EXERCISE DIRECTIONS
Output a character-exact copy of the data, images removed.

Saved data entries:
==*==

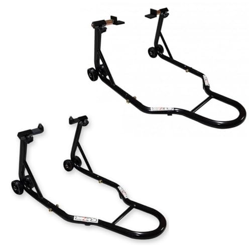 CRUIZER - Cavalletti per Moto Anteriore con attacchi a Coni + Posteriore a Piastre, Regolabili e con Ruote sottostanti
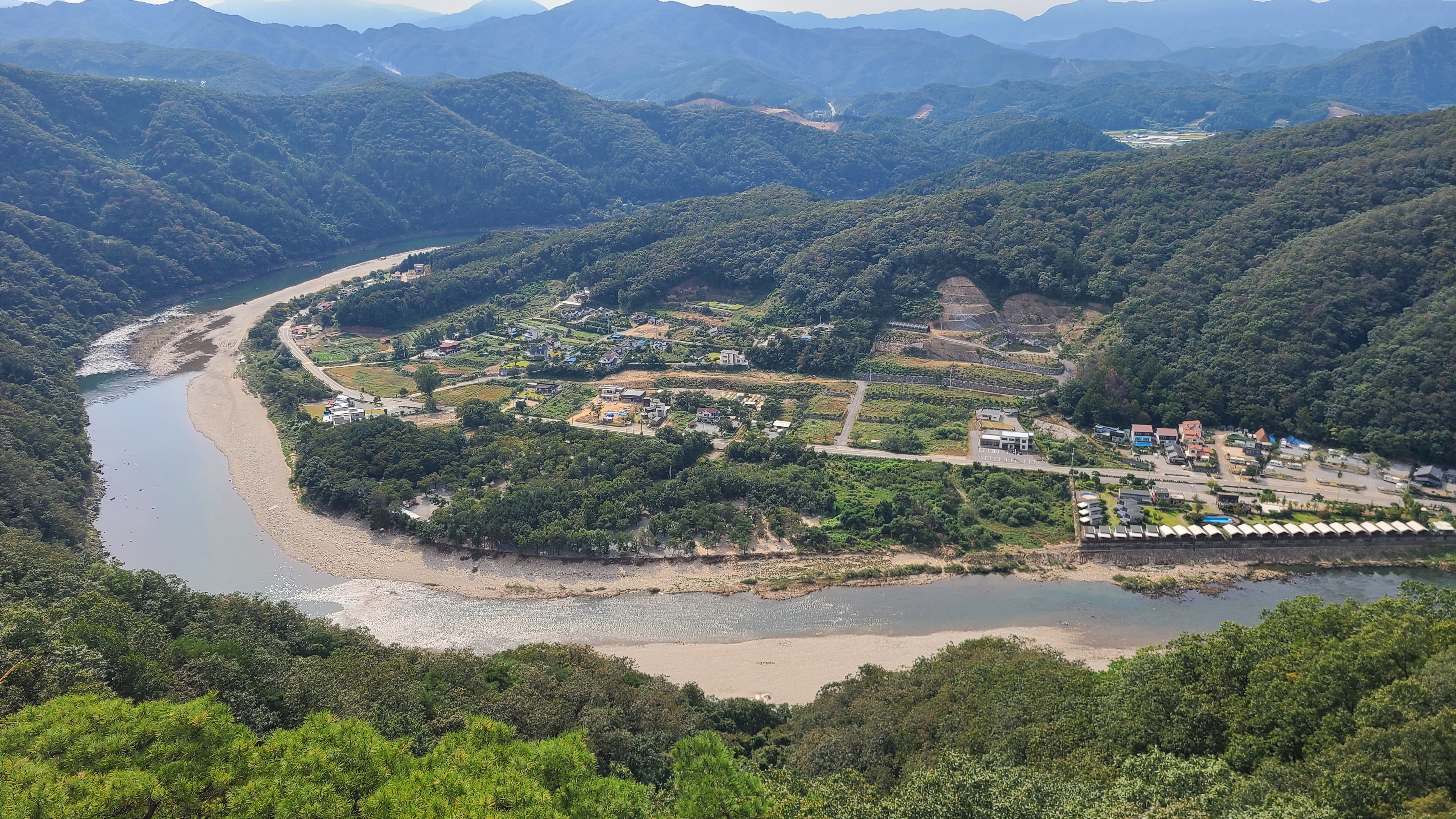 발아래 구비구비 홍천강이 뱀처럼 흐르는 전경과 누렇게 변해가는 들판을 내려다보이고 눈을 들면 산그리메가 첩첩이다.
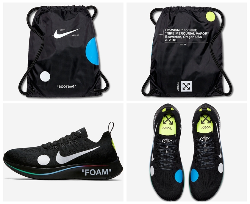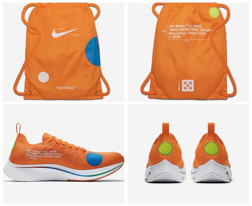 14号发售的Off-White x Nike Zoom Fly Mercurial Flyknit 也在今日释出了官方图集,并配有细节满满的 “BOOTBAG” 收纳袋。
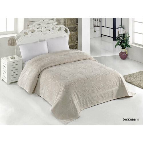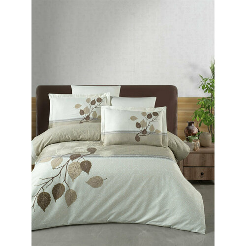 Комплект сатинового белья с вышивкой Luna Dantela Vita (бежевый), Евро (наволочки 50x70)
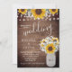 Rustic Sunflowers Babys Breath Jar Lights Wedding Invitation
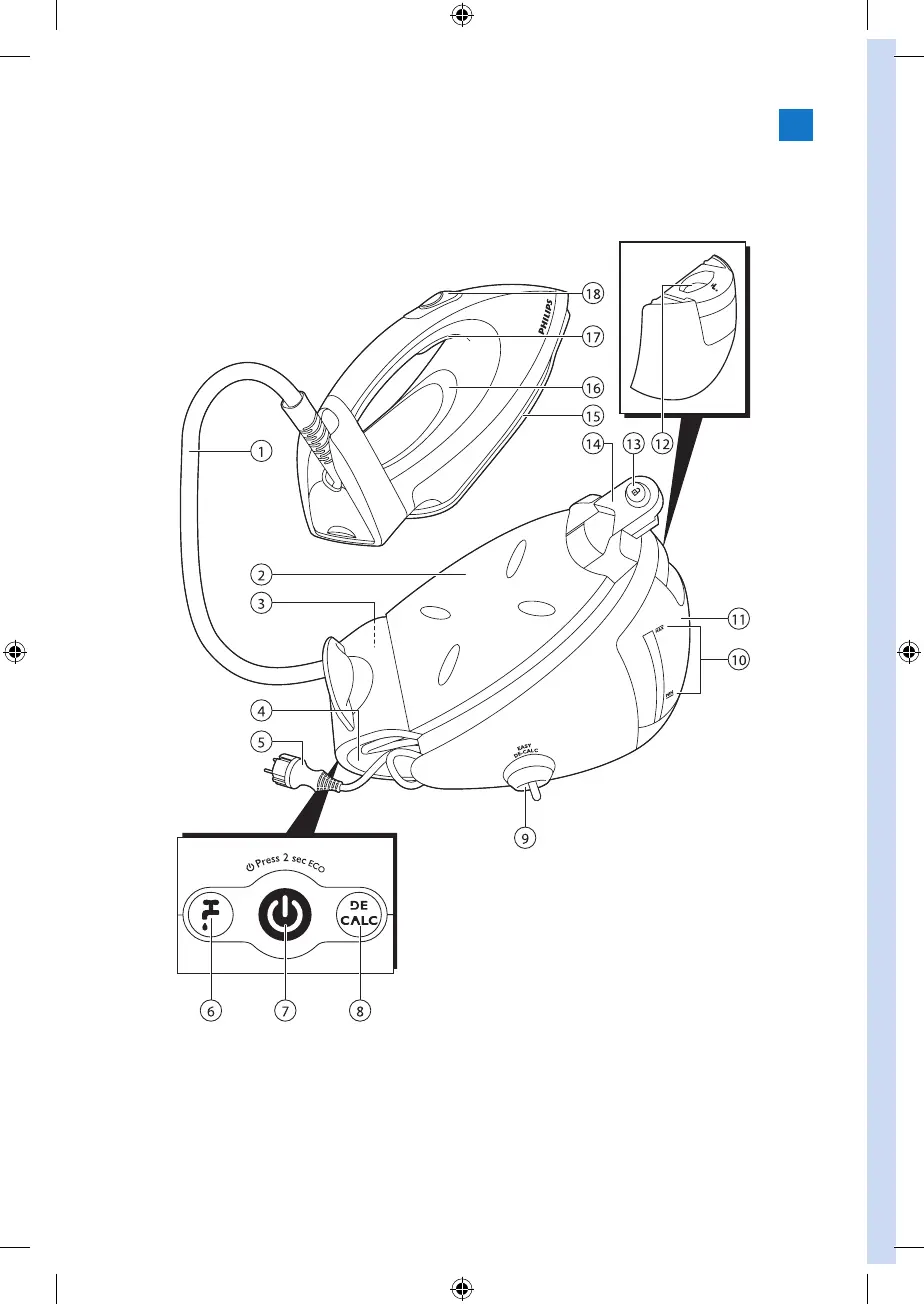 Olvassa el alább 📖 a magyar nyelvű használati útmutatót Philips PerfectCare Expert GC9222 (42 oldal) a Vas kategóriában. Ezt az útmutatót 16 ember találta hasznosnak és 8.5 felhasználó értékelte átlagosan 4.4 csillagra

==*==

RESPONSE BELOW
 CRUIZER - Cavalletti per Moto Anteriore con attacchi a Coni + Posteriore a Piastre, Regolabili e con Ruote sottostanti
 발아래 구비구비 홍천강이 뱀처럼 흐르는 전경과 누렇게 변해가는 들판을 내려다보이고 눈을 들면 산그리메가 첩첩이다.
 14号发售的Off-White x Nike Zoom Fly Mercurial Flyknit 也在今日释出了官方图集,并配有细节满满的 “BOOTBAG” 收纳袋。
 Комплект сатинового белья с вышивкой Luna Dantela Vita (бежевый), Евро (наволочки 50x70)
 Rustic Sunflowers Babys Breath Jar Lights Wedding Invitation
 Olvassa el alább 📖 a magyar nyelvű használati útmutatót Philips PerfectCare Expert GC9222 (42 oldal) a Vas kategóriában. Ezt az útmutatót 16 ember találta hasznosnak és 8.5 felhasználó értékelte átlagosan 4.4 csillagra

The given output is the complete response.